Give back the whole listing verbatim, printing none of its pictures.

* Supplied information
• • • • • • •

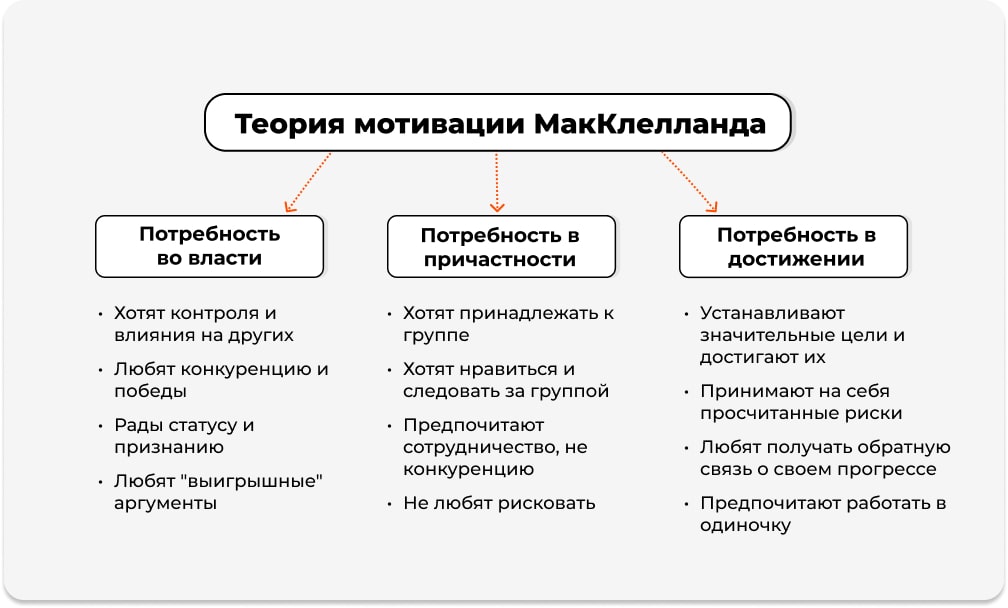 Теория МакКлелланда — практический инструмент, который помогает руководителям повысить мотивацию сотрудников и создать благоприятные условия для их развития.
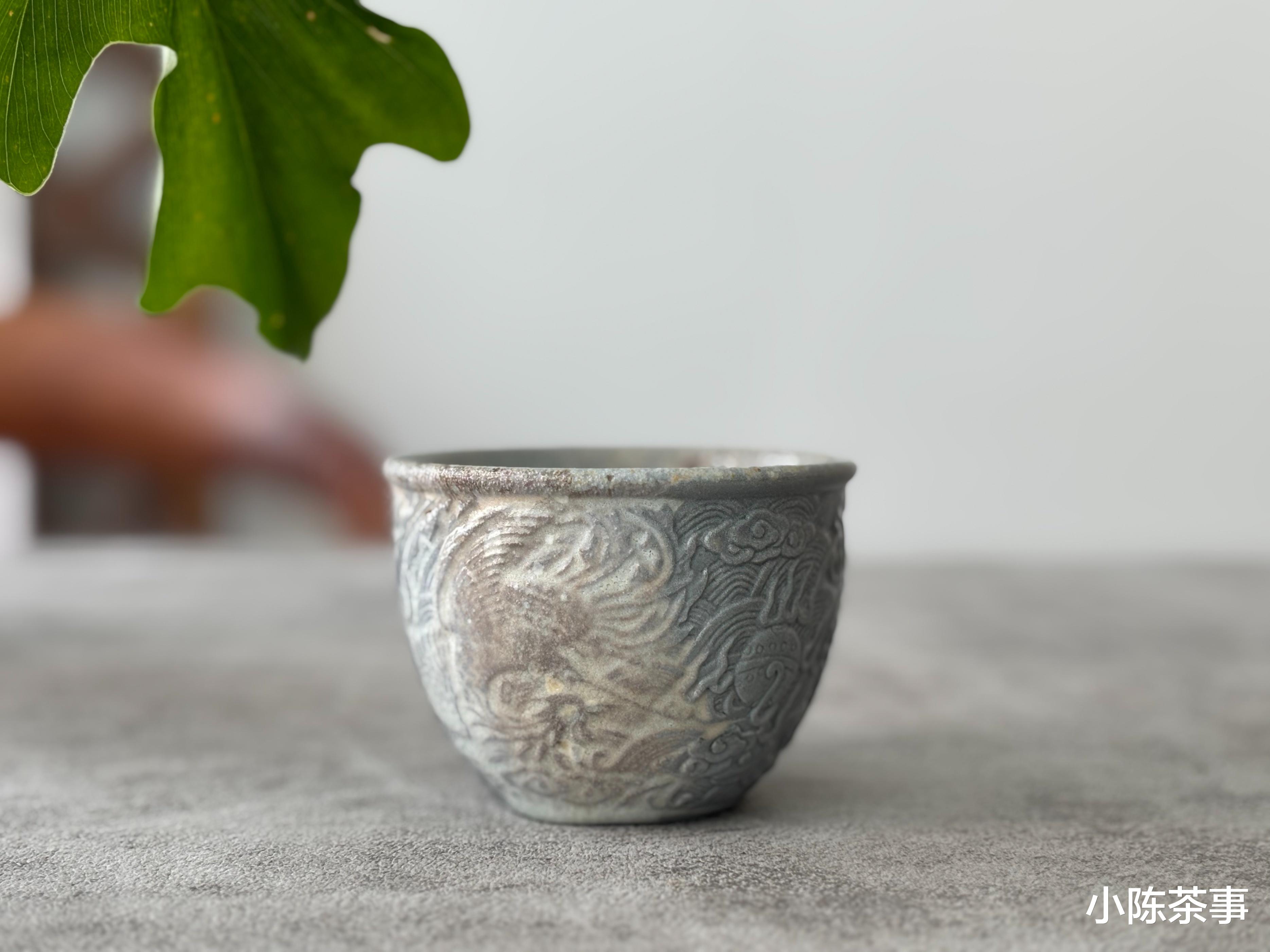 《祥龙》采用柴烧工艺,独特的烧制方式赋予杯子一种古朴的质感,杯身上手工刻绘的祥龙图案,线条刚劲有力,栩栩如生,仿佛随时都会腾飞而起,彰显着男士的豪迈气魄。
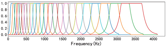 Considering that the response of the human ear to frequency is nonlinear, we converted the frequency domain of the sound signal from the standard scale to the mel scale. Mel filter banks were used to delineate the critical bands and extract the feature coefficients to represent the human ear’s perception of isometric pitch changes [22]. In the past, due to the limitations of machine learning algorithms, highly correlated features such as mel features needed to undergo a discrete cosine transform to extract MFCC features from mel features, and then the MFCC was input into a model such as the Gaussian mixture model–hidden Markov model (GMM-HMM) [23]. Since the discrete cosine transform is linear, a considerable portion of nonlinear information was lost in this process. In recent years, with the development of deep learning in speech and the fact that deep neural networks are not easily affected by highly correlated inputs, people have started to use mel features as input data for models [24]. In this paper, the range of the mel scale was set to 128.

• • • • • • •

* Result of the exercise
 Теория МакКлелланда — практический инструмент, который помогает руководителям повысить мотивацию сотрудников и создать благоприятные условия для их развития.
 《祥龙》采用柴烧工艺,独特的烧制方式赋予杯子一种古朴的质感,杯身上手工刻绘的祥龙图案,线条刚劲有力,栩栩如生,仿佛随时都会腾飞而起,彰显着男士的豪迈气魄。
 Considering that the response of the human ear to frequency is nonlinear, we converted the frequency domain of the sound signal from the standard scale to the mel scale. Mel filter banks were used to delineate the critical bands and extract the feature coefficients to represent the human ear’s perception of isometric pitch changes [22]. In the past, due to the limitations of machine learning algorithms, highly correlated features such as mel features needed to undergo a discrete cosine transform to extract MFCC features from mel features, and then the MFCC was input into a model such as the Gaussian mixture model–hidden Markov model (GMM-HMM) [23]. Since the discrete cosine transform is linear, a considerable portion of nonlinear information was lost in this process. In recent years, with the development of deep learning in speech and the fact that deep neural networks are not easily affected by highly correlated inputs, people have started to use mel features as input data for models [24]. In this paper, the range of the mel scale was set to 128.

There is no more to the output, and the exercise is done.